Liz Hughes died at age 67 on May 4. At CBC Vancouver, Hughes played a big role in helping bring shows like Canada Now to life and acted as executive producer on current affairs programs Pacific Report and Monitor. One of the first internal consultants at the CBC, she was involved in helping implement mobile first strategy at before her retirement in 2014.
Roy Luckow died at age 90 on October 13. Luckow joined CBC Vancouver in 1953 and was one of the first cameraman at CBUT. Over the next 34 years, he did a variety of studio and location cinematography work in drama, variety, current affairs and documentaries. Luckow retired from the CBC in 1987.
Dan Tohill died October 27. He was key grip on The Beachcombers for a number of years, and was also a studio production assistant at CBC Vancouver.
Len Chapple, 96, passed away on January 2. Chapple began his broadcasting career at CKMO Vancouver and eventually became an executive producer at CBC Vancouver. In 1978, he led CBC as host broadcaster for the Commonwealth Games in Edmonton.

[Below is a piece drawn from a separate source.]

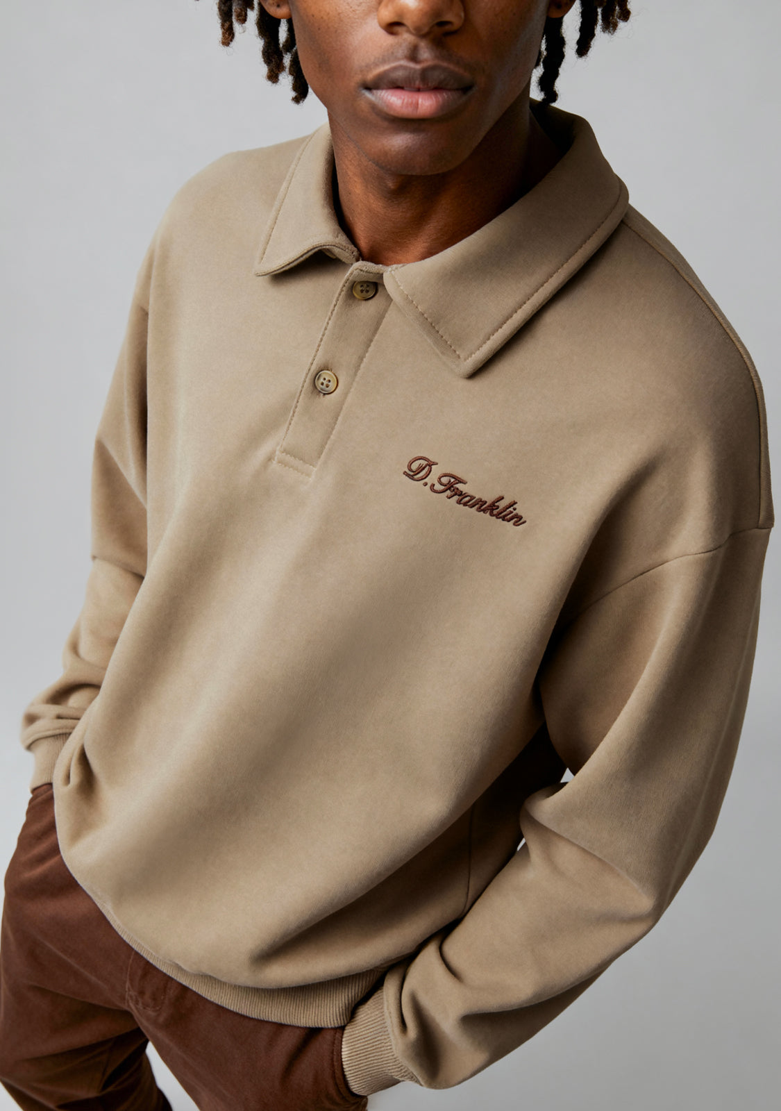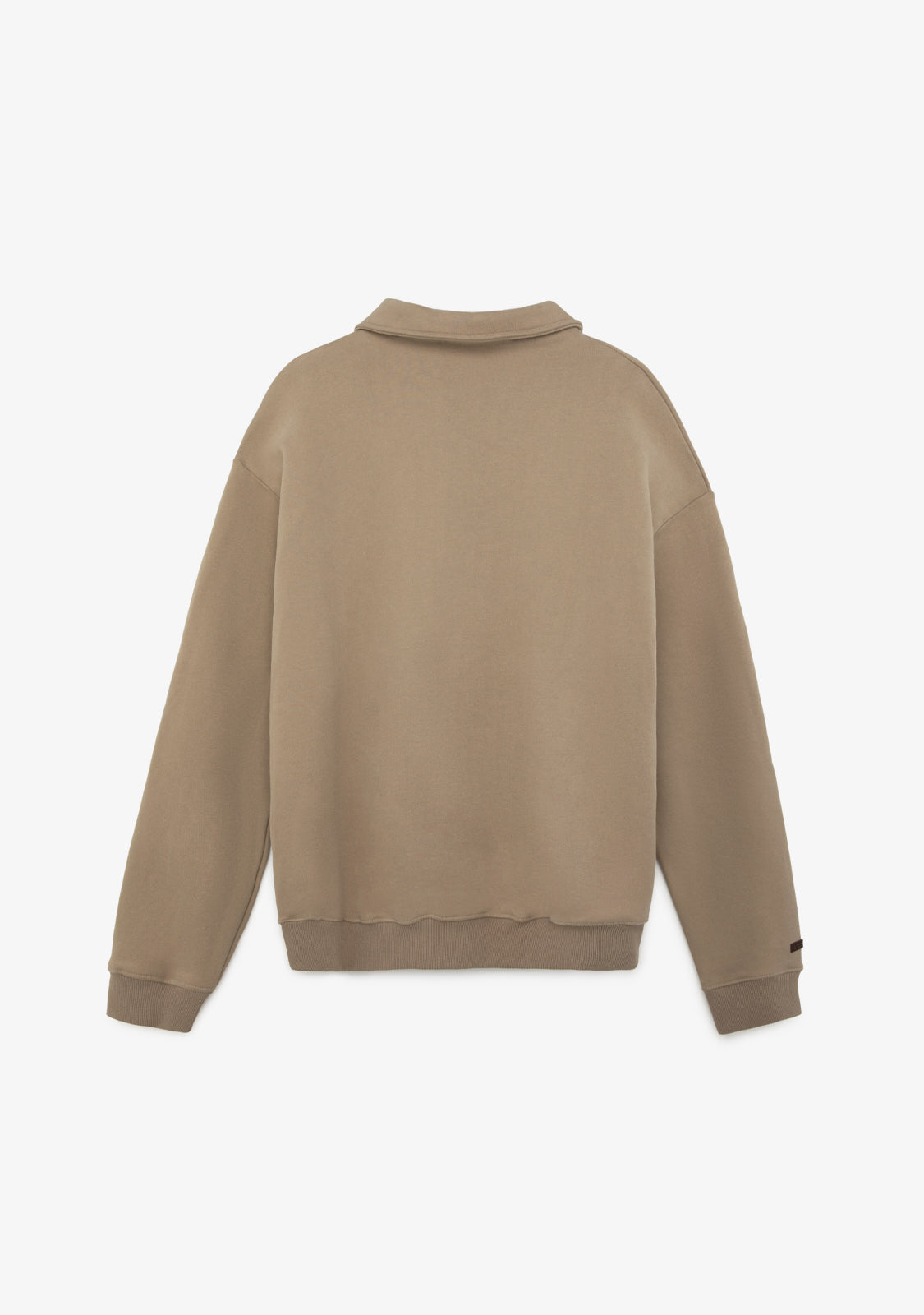 Polo Sweatshirt Sand is a unisex sweatshirt with a clean polo design. It’s an easy-to-wear essential that brings warmth to your everyday look.

Elie Savoie died at age 84 on June 28. Savoie started his broadcasting career in the 1960s at CFCR-TV Kamloops (now CFJC). He moved on to CHAN-TV, joined CBC Vancouver in 1964, CBC Regina in 1977 and then CBC Windsor. Savoie returned to CBC-TV Vancouver as PD in 1983 and went on to head Program Project Development. Elie notably served as a director and executive producer of The Beachcombers. He retired from CBC in 1991.